Veritas Engineering have identified the potential cause of the panic stack for this incident.The issue occurs because AMF holds a spin lock and then calls a kernel function that either takes a long time or needs to sleep.

As a workaround we can disable the AMF for the particular agent.

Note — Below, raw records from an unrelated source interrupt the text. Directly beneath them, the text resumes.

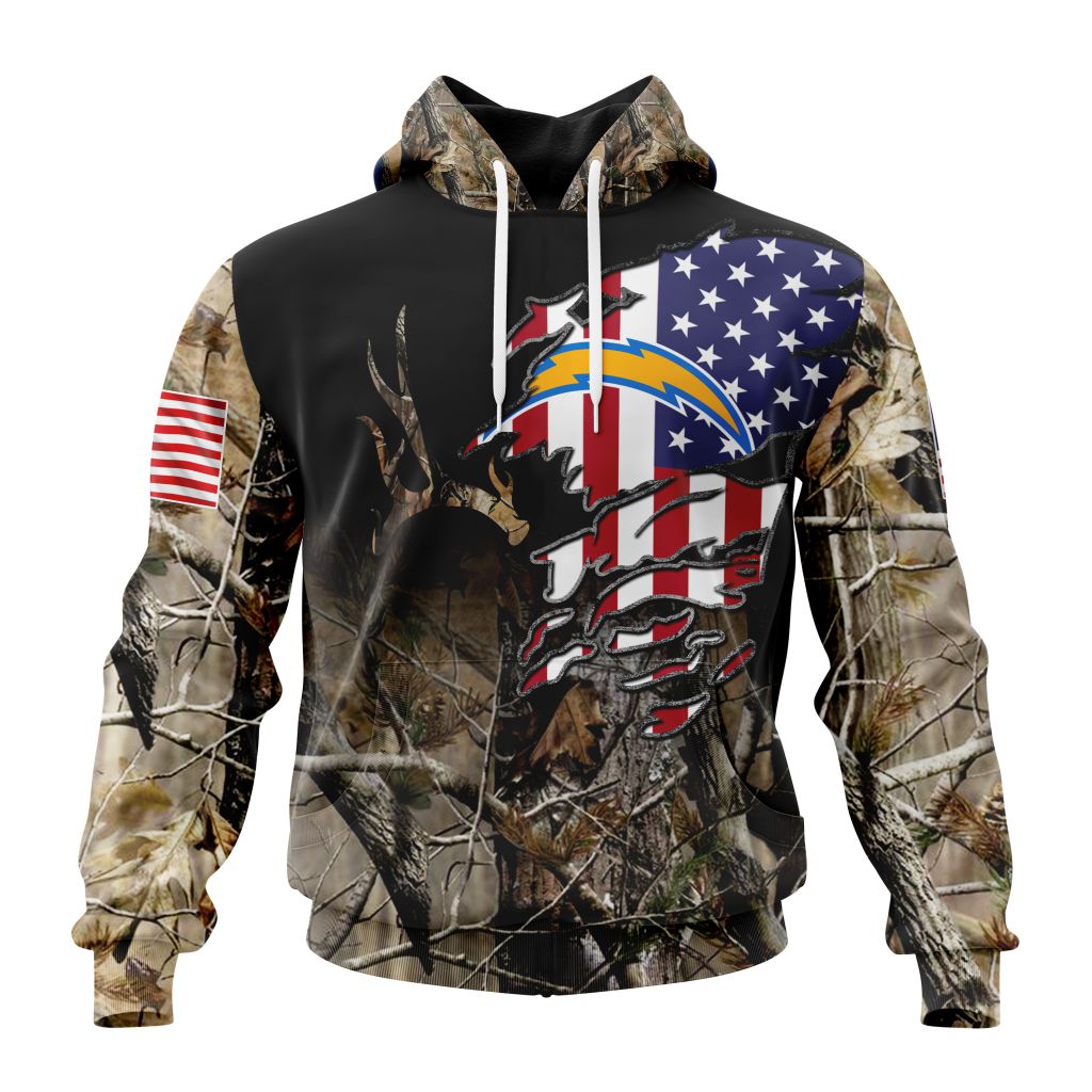 NFL Los Angeles Chargers Custom Name Number Special Camo Realtree Pullover Hoodie Product Features Along with its Los Angeles Chargers graphics, this cozy pullover hoodie features super-soft midweight material. Material: 95% polyester + 5% spandex. The fabric is durable and resistant to wrinkles, shrinking and mildew. Hood with drawstrings. Long sleeve. Front pouch pocket. Midweight...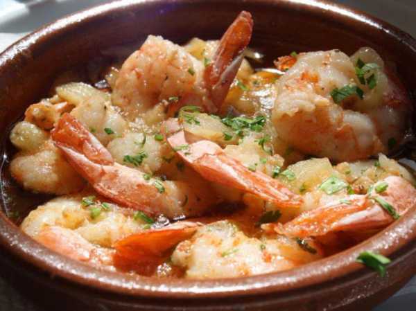 Еще одно популярное блюдо с креветками — это гамбас аль ахийо. Для него креветок обжаривают в масле с чесноком.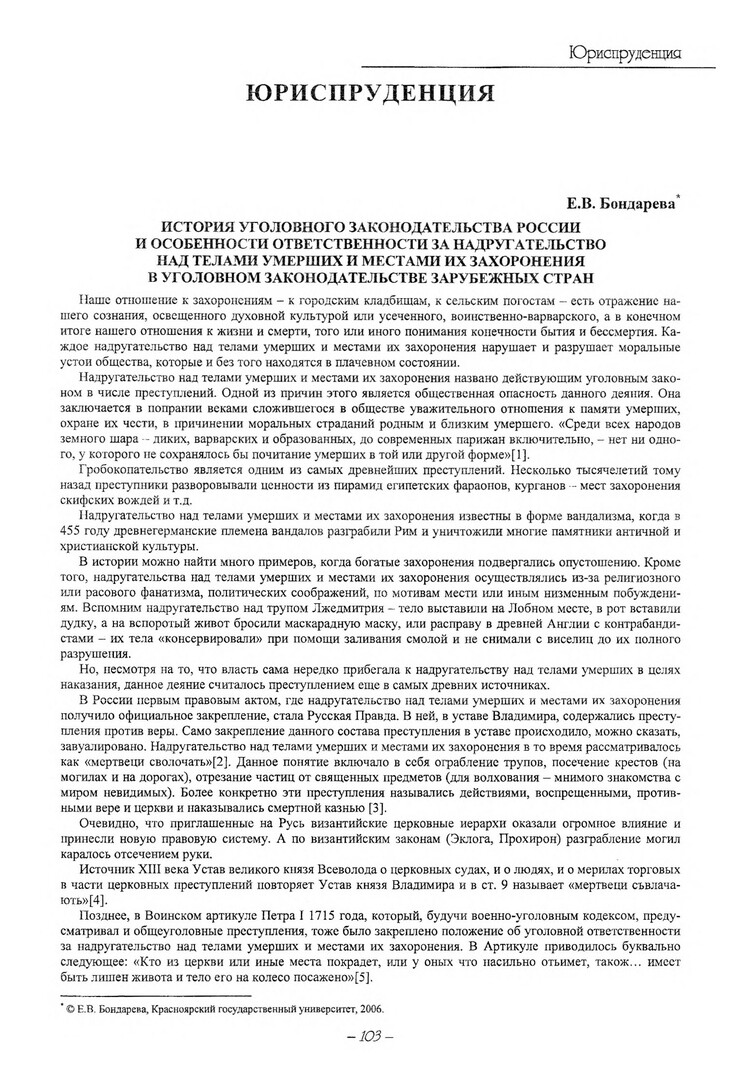 Библиографическое описание:Бондарева, Евгения Валерьевна. История уголовного законодательства России и особенности ответственности за надругательство над телами умерших и местами их захоронения в уголовном законодательстве зарубежных стран / Е. В. Бондарева. - Текст : электронный // Вестник Красноярского государственного университета. - 2006. - Гуманитарные науки, № 6(2). - С. 103-107. - Библиогр. в конце ст.

Veritas Engineering plans to include a fix in upcoming versions, but currently, the workaround is the only available solution.

 

Resolution

Disable intelligent resource monitoring for a particular resource type (Mount agent type).

1) Make the VCS configuration writable.

# haconf -makerw

2) To disable intelligent resource monitoring for all the resources of a certain type, run the following command:

# hatype -modify resource_type IMF -update Mode 0

3) Save the VCS configuration.

# haconf -dump -makero

Issue/Introduction

The server experienced a panic during reboot when attempting to unmount the filesystem. This problem observed on RHEL 9.3 with Infoscale 8.0.2.1500.